Problem description: What are the lines from the top of the entries below through the line containing "no control over."? Return them exactly, both ends included, without the pictures.

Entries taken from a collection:
---*---

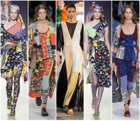 Пестрая модная картина весной/летом 2019 года дополнена моделями с пэчворк-элементами. С этой тенденцией дизайнеры побуждают нас быть более смелыми и дерзкими в создании индивидуального стиля, сочетая различные принты и цвета, не боясь экспериментировать.
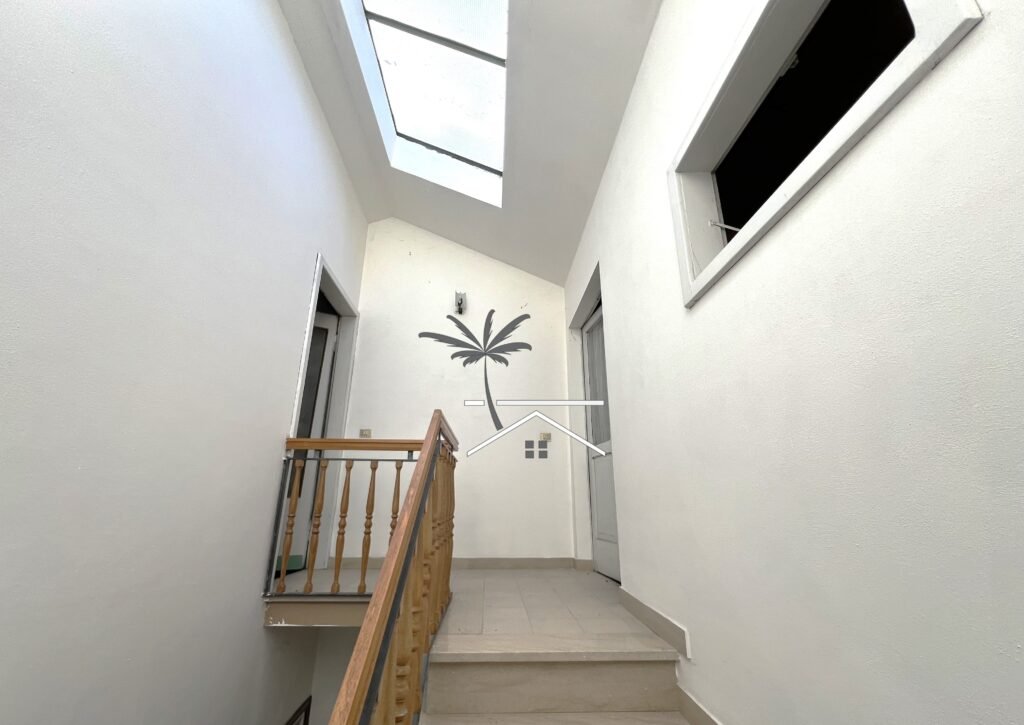 E’ sviluppata su tre livelli abitativi fuori terra, composta dal piano terra con la cucina divisa dal salotto e due vani adibiti a cantina, salendo le scale al primo piano sono presenti due camere matrimoniali con uscita sul primo terrazzino, un bagno con box doccia rifatto, una zona lavanderia con caldaia sostituita recentemente, e un ripostiglio
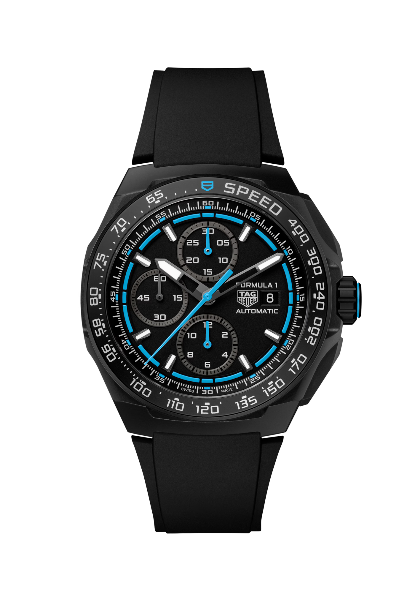 Designed for the daring, the TAG Heuer Formula 1 Chronograph in 44mm brings the spirit of racing to the wrist. The titanium grade 2 case, red accents, and rugged rubber strap create a timepiece ready for any challenge.
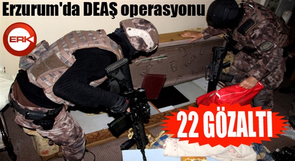 İl Emniyet Müdürlüğü Terörle Mücadele Şubesi ekipleri, kent merkezi ile Yakutiye, Palandöken ve Aziziye ilçelerinde düzenledikleri eş zamanlı operasyonda DEAŞ'ın kent yapılanması içinde bulundukları belirlenen 22 zanlıyı gözaltına aldı.
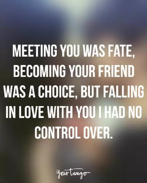 "Meeting you was fate, becoming your friend was a choice, but falling in love with you I had no control over.
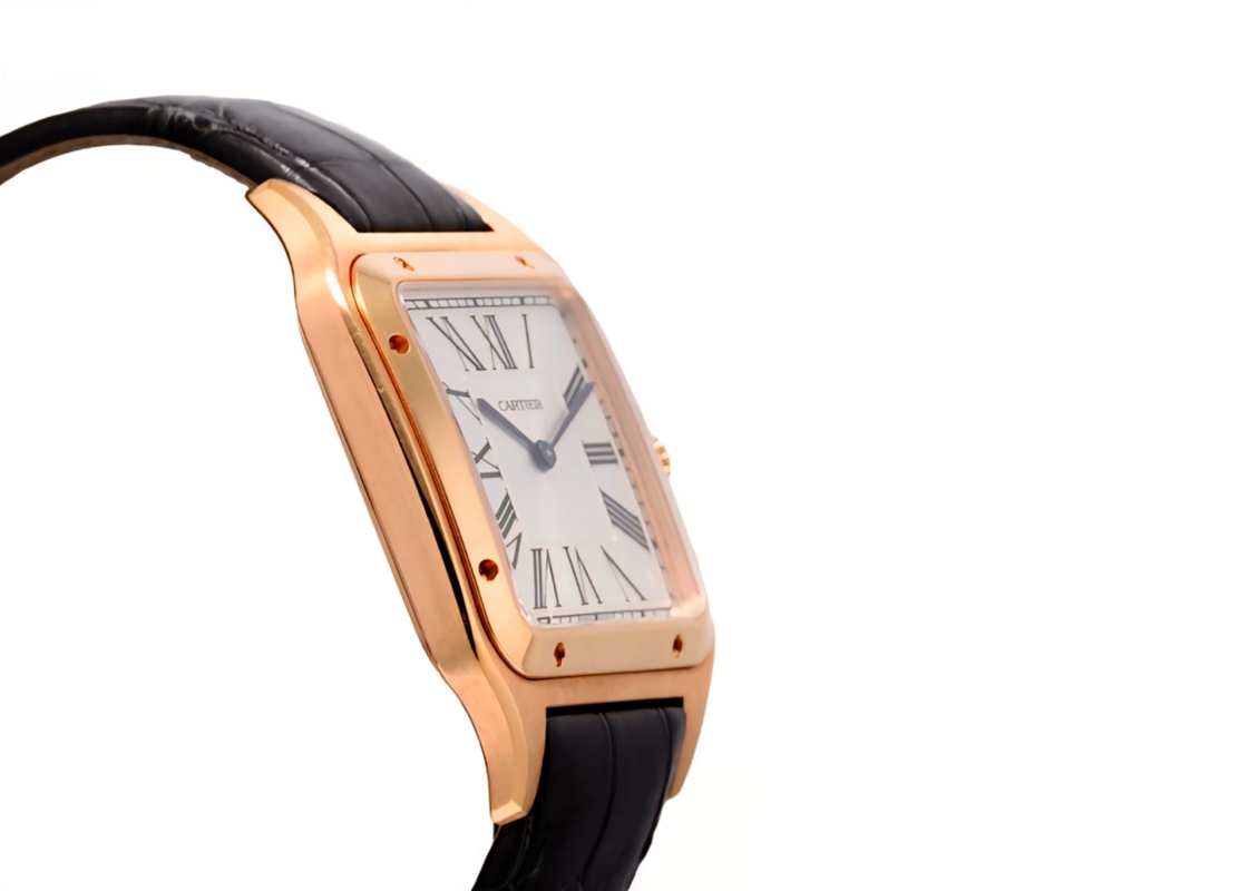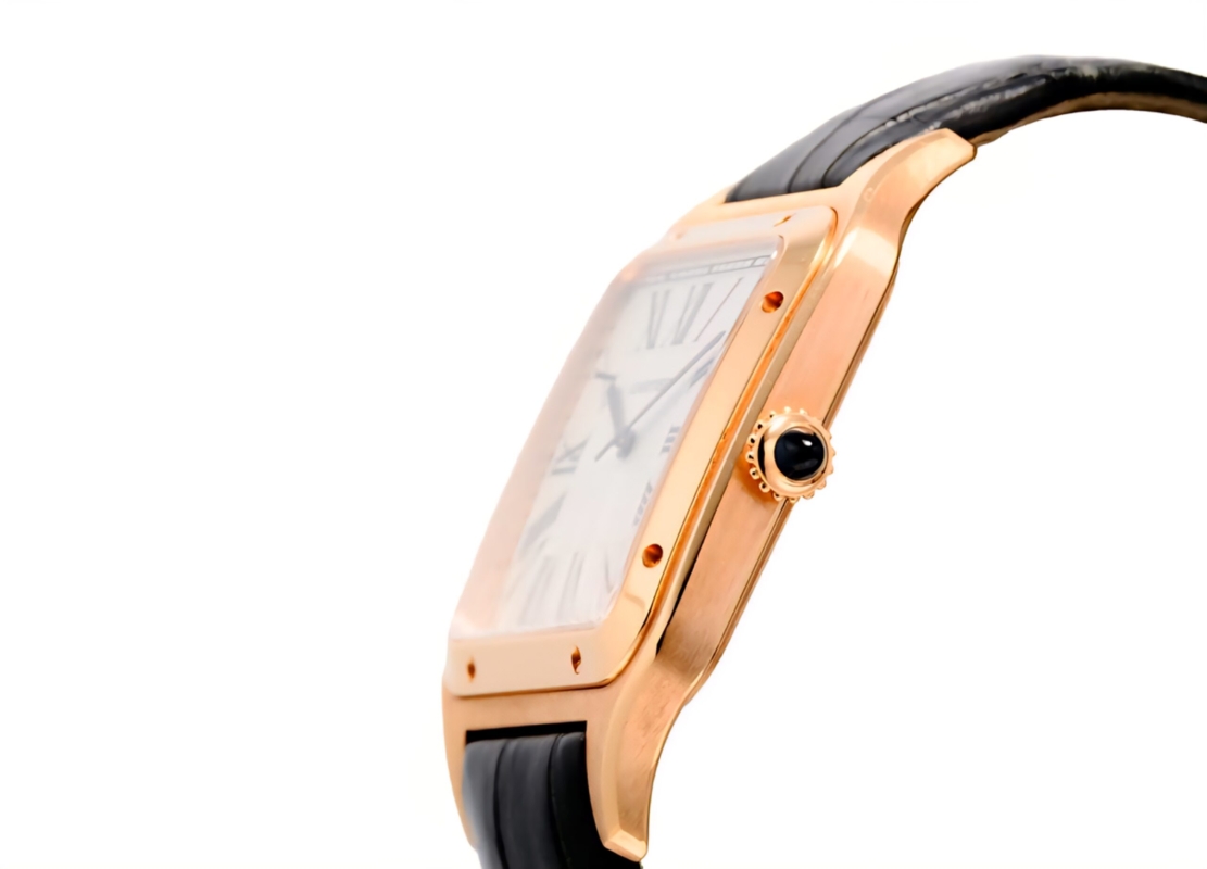 2026 «Nuevos Relojes» Cartier presenta el reloj Santos-Dumont XL con movimiento de cuerda manual (tamaño: 46,6 x 33,9 mm). Tras el gran éxito de los nuevos relojes Santos-Dumont Medium y Small Quartz Pair, lanzados en 2019, la industria esperaba que Cartier lanzara una versión más masculina del mismo reloj. Watches & Wonders 2020 traspasa los límites del estilo y las proporciones con el lanzamiento del Santos-Dumont XL Hand-Wind Calibre XL Plus Size, aún más evocador y adecuado para relojes de pulsera masculinos. Y lo que es aún más sorprendente, este reloj está equipado con un movimiento de cuerda manual de taller Calibre 430. ¡ Nuestra Factoría fue la primera en adquirir este reloj para una réplica detallada a escala 1:1!

---*---

Response box:
 Пестрая модная картина весной/летом 2019 года дополнена моделями с пэчворк-элементами. С этой тенденцией дизайнеры побуждают нас быть более смелыми и дерзкими в создании индивидуального стиля, сочетая различные принты и цвета, не боясь экспериментировать.
 E’ sviluppata su tre livelli abitativi fuori terra, composta dal piano terra con la cucina divisa dal salotto e due vani adibiti a cantina, salendo le scale al primo piano sono presenti due camere matrimoniali con uscita sul primo terrazzino, un bagno con box doccia rifatto, una zona lavanderia con caldaia sostituita recentemente, e un ripostiglio
 Designed for the daring, the TAG Heuer Formula 1 Chronograph in 44mm brings the spirit of racing to the wrist. The titanium grade 2 case, red accents, and rugged rubber strap create a timepiece ready for any challenge.
 İl Emniyet Müdürlüğü Terörle Mücadele Şubesi ekipleri, kent merkezi ile Yakutiye, Palandöken ve Aziziye ilçelerinde düzenledikleri eş zamanlı operasyonda DEAŞ'ın kent yapılanması içinde bulundukları belirlenen 22 zanlıyı gözaltına aldı.
 "Meeting you was fate, becoming your friend was a choice, but falling in love with you I had no control over.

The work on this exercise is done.